A rGO/Cu0.7Fe0.3S2 composite electrode for asymmetric supercapacitor prepared via MIL-101 template strategy

Abstract

As a branch of MOF, MIL has attracted much attention in the field of electrochemistry because of its high porosity and potential high charge storage capacity. Graphene oxide is considered as an ideal supercapacitor material because of its high electrical conductivity, high specific surface area and rich surface functional groups. The metal sulfides prepared with MIL as template not only inherit the structural characteristics of MIL, but also improve the electrical conductivity of the materials, which thus show excellent energy storage properties. In this work, the rGO/Cu0.76Fe0.24S2 composite was prepared through in-situ growth of MIL-101 on the surface of GO followed by copper nitrate etch, high temperature carbonization and hydrothermal sulfurization. To the best of our knowledge, it is the first time to report that rGO/Cu0.7Fe0.3S2 is used as the electrode of supercapacitor and tested for energy storage. The optimized rGO/Cu0.7Fe0.3S2 electrode exhibited good capacitive performances, including high specific capacitance of 661.2 F g−1 at 1 Ag−1 and remarkable cycle stability with 69 % after 5000 cycles.
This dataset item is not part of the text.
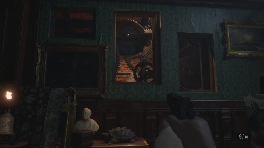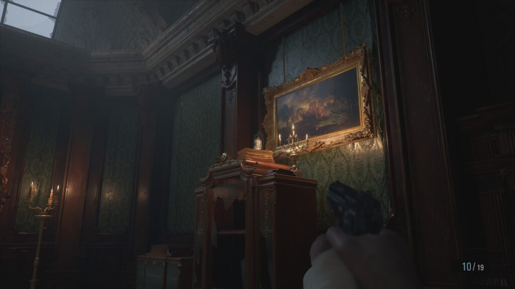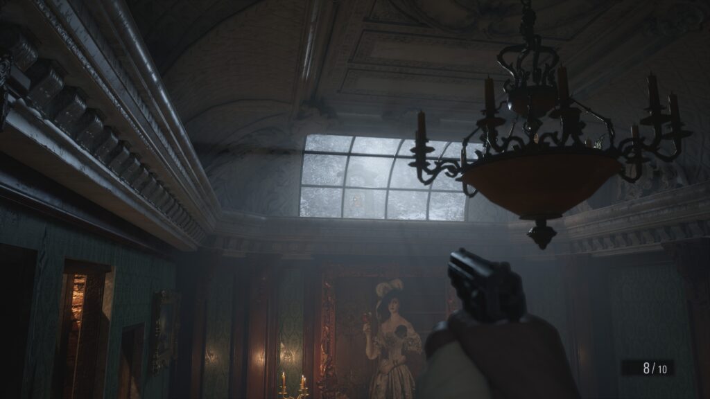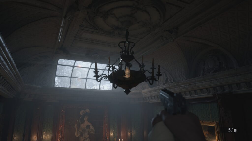 3. There’s a staircase that you ascend to. Go to it and look through the glass on top of Lady Dimitrescu’s painting. You will see a Bell outside of the art room. Shoot it.

Employing the as-prepared rGO/Cu0.7Fe0.3S2 composites as positive electrode, the hybrid supercapacitor device displayed spectacular capacity of energy density (54.37 Wh kg−1), great power density (887.75 W kg−1) and impressive long-term stability of 70 % retention after 5000 cycles. The results show that the composite prepared with graphene oxide as substrate and MIL-101 (Fe) as template should be a promising materials for fabricating high-performance supercapacitor.